Firstly, the construction company in a PPP scheme is almost always an equity partner of the SPV running the scheme. In effect this means they are both the client and the contractor. Unlike conventional procurement, there is no council or other public service provider performing the supervisory client role.

Secondly, there is a profit incentive to keep costs to the minimum. Any saving that the construction partner can make, increases profits to both the construction company and the other SPV partners. There is therefore a stronger cost saving incentive than in conventional procurement. 

Thirdly, many PPP schemes have been under pressure to cut costs late in the project because of budget overrun. We know that this has resulted in specification cuts, such as fewer beds in PPP hospitals and the loss of planned teaching areas in PPP schools. There is bound to be a concern that this may drive construction changes as well.

Fourthly, PPP schemes tend to use standard designs to keep architectural costs to a minimum. This has been criticised on aesthetic grounds because designs don't always reflect the local setting. It also means that a design feature that fails, could have implications for not one building, but many.

I should emphasise that I don't believe that this means that anyone has deliberately done anything that is unsafe. However, PPP schemes do not have all the checks and balances that happen with conventional procurement.

Our concerns over PPP primarily relate to the inflexibility of long term contracts and cost. In our latest report on this issue late last year, we argue that with interest rates at historic lows, now is an ideal time to review the cost of PPP schemes that were signed when interest rates were much higher.
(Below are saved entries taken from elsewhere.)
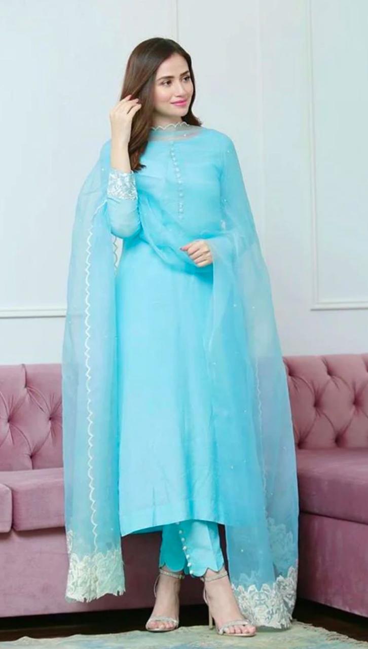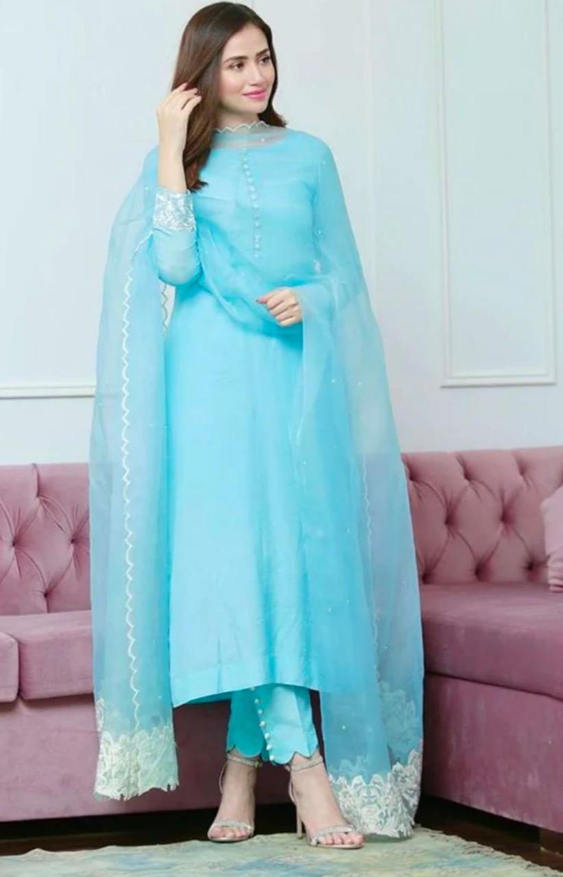 Sky Blue Designer Salwar Kameez in Pakistani Style
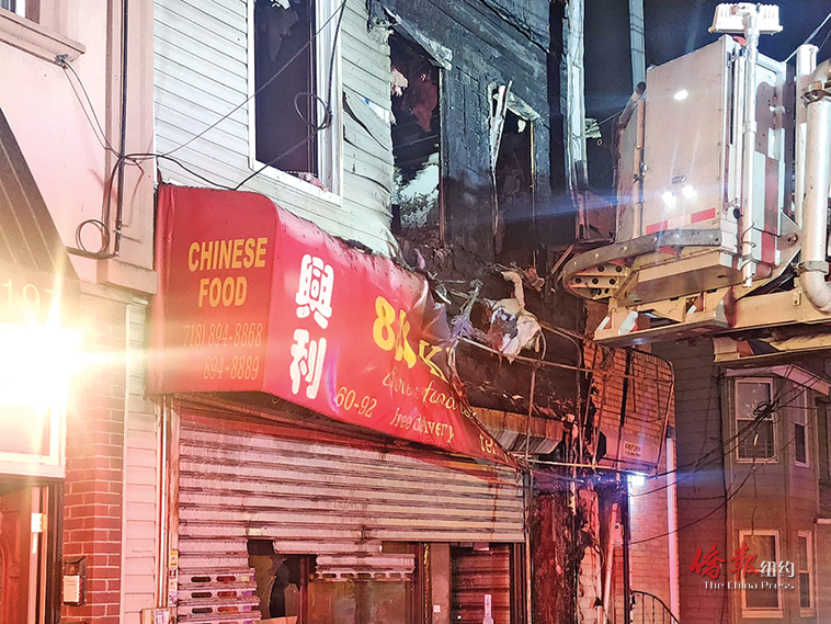 黄友兴拍摄的兴利中餐馆火灾现场。(@PhilWongNYC)
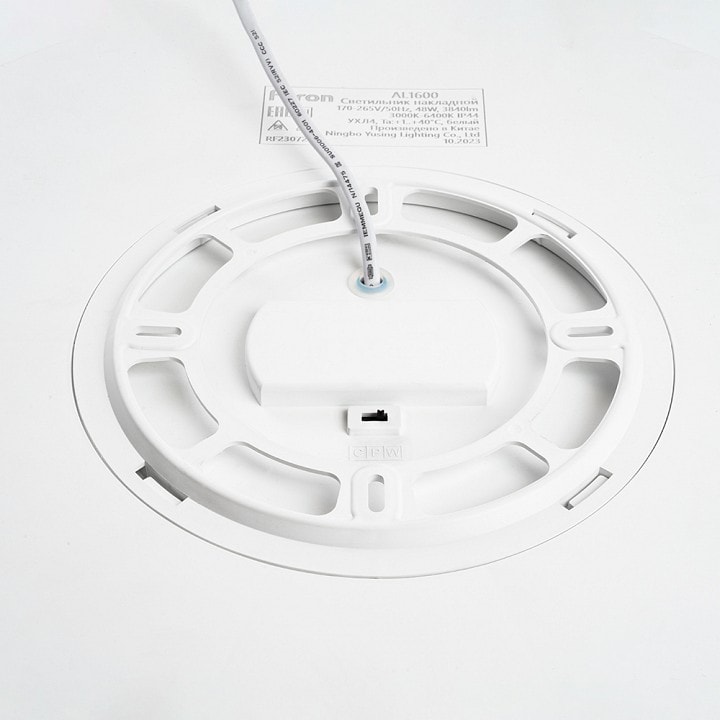 С диаметром 400 мм и высотой всего 42 мм, светильник легко впишется в любой интерьер, не занимая много места. Он оснащен одним плафоном, который направлен вниз, обеспечивая равномерное и мягкое освещение. Максимальная мощность лампы составляет 48 Вт, что позволяет осветить площадь до 24 м².

It is now widely accepted and understood that PPP projects have been extremely expensive ways of funding new hospitals and schools. Estimates of how much the public sector could save now through buying out PPP contracts range as high as £12 billion in Scotland.

Whatever the cause of the construction failures in the Edinburgh Schools scheme, this should be yet another wake up call on the inherent weaknesses in this method of funding public services. Bringing PPP schemes into the public sector is a safer and more cost effective solution for public service delivery.